> **DATA**
************

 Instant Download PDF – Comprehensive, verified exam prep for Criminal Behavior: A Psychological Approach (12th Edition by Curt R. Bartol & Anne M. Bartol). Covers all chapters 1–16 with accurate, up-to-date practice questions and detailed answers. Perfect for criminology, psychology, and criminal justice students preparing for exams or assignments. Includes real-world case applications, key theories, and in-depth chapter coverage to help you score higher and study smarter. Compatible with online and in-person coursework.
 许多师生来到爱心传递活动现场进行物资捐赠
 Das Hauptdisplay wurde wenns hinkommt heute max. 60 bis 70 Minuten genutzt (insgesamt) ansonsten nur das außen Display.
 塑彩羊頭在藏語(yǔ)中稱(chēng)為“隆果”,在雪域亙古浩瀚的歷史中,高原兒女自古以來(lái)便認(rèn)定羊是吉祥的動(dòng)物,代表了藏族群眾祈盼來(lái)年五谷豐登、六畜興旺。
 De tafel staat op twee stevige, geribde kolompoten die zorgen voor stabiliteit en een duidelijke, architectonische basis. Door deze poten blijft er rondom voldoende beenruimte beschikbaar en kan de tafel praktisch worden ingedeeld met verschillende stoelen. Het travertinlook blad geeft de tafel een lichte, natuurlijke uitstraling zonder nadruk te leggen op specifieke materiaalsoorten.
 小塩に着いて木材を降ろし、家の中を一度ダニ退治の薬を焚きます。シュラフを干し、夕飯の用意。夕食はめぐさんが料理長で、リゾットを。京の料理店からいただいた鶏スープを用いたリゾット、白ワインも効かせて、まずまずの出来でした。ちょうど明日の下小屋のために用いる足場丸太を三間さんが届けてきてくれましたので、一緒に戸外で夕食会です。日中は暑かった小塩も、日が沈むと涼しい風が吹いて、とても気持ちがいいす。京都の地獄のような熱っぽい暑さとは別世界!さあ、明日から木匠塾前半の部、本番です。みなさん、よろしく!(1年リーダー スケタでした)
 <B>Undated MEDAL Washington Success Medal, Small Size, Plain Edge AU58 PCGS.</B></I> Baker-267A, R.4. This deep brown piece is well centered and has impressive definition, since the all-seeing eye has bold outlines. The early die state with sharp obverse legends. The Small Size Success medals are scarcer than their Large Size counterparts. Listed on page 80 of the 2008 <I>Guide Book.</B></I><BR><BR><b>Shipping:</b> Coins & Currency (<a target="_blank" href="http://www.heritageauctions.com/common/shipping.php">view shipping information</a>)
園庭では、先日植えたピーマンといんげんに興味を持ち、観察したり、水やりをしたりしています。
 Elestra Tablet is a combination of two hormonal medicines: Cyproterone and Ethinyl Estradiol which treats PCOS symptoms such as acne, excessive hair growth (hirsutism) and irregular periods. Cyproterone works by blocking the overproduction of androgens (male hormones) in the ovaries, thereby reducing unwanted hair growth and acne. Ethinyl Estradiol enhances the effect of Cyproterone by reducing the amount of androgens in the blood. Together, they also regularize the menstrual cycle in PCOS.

************

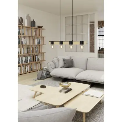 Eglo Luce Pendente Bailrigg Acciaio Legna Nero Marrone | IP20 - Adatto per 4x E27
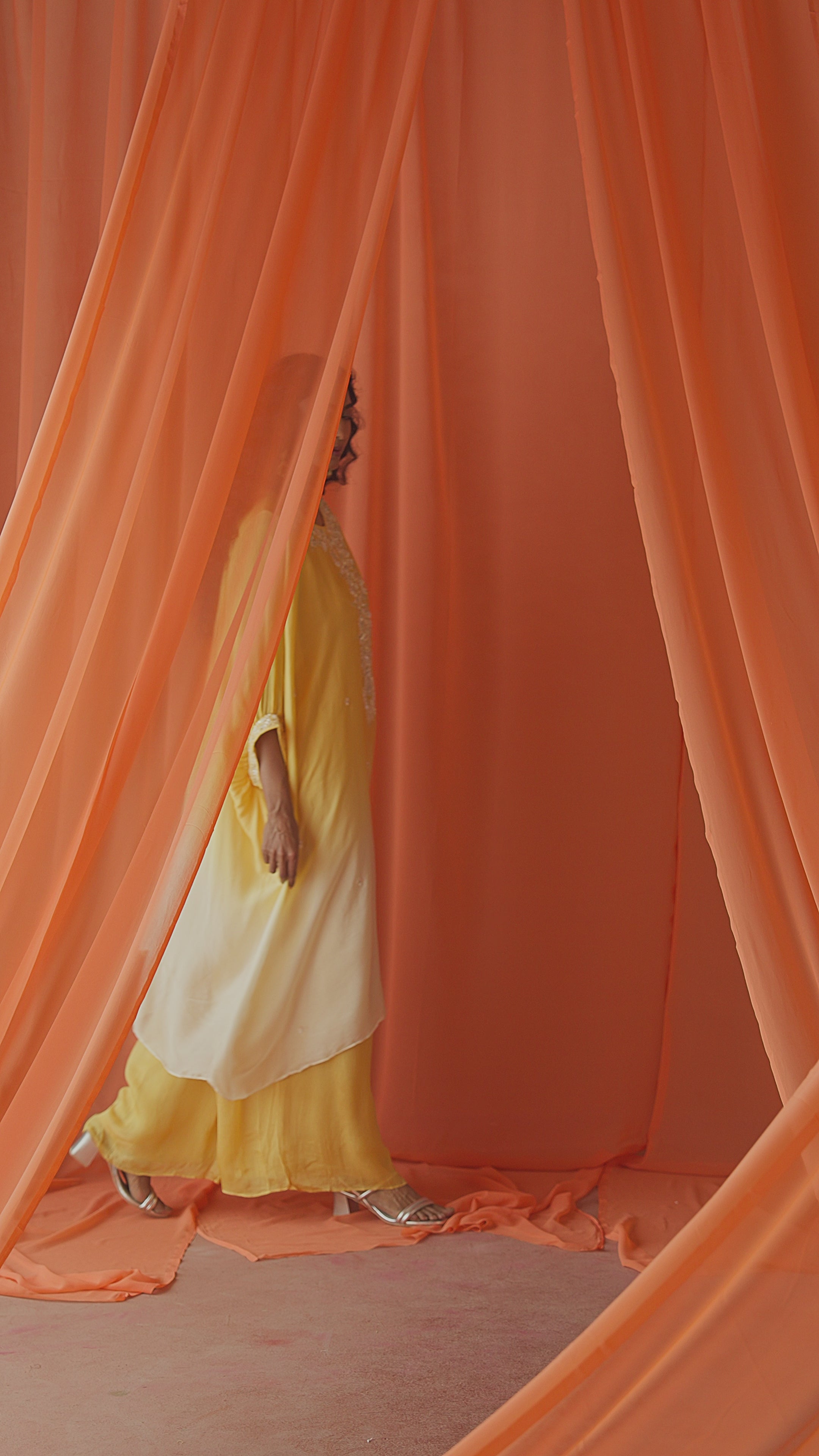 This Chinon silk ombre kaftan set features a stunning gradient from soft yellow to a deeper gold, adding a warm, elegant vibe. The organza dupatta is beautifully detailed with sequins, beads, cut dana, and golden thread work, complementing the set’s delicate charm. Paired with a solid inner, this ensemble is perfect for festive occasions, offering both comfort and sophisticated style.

************

Set down, exactly as they appear above, all lines from the one that has "许多师生来到爱心传递活动现场进行物资捐赠" down to the one that has "塑彩羊頭在藏語(yǔ)中稱(chēng)", including those two and no others.

 许多师生来到爱心传递活动现场进行物资捐赠
 Das Hauptdisplay wurde wenns hinkommt heute max. 60 bis 70 Minuten genutzt (insgesamt) ansonsten nur das außen Display.
 塑彩羊頭在藏語(yǔ)中稱(chēng)為“隆果”,在雪域亙古浩瀚的歷史中,高原兒女自古以來(lái)便認(rèn)定羊是吉祥的動(dòng)物,代表了藏族群眾祈盼來(lái)年五谷豐登、六畜興旺。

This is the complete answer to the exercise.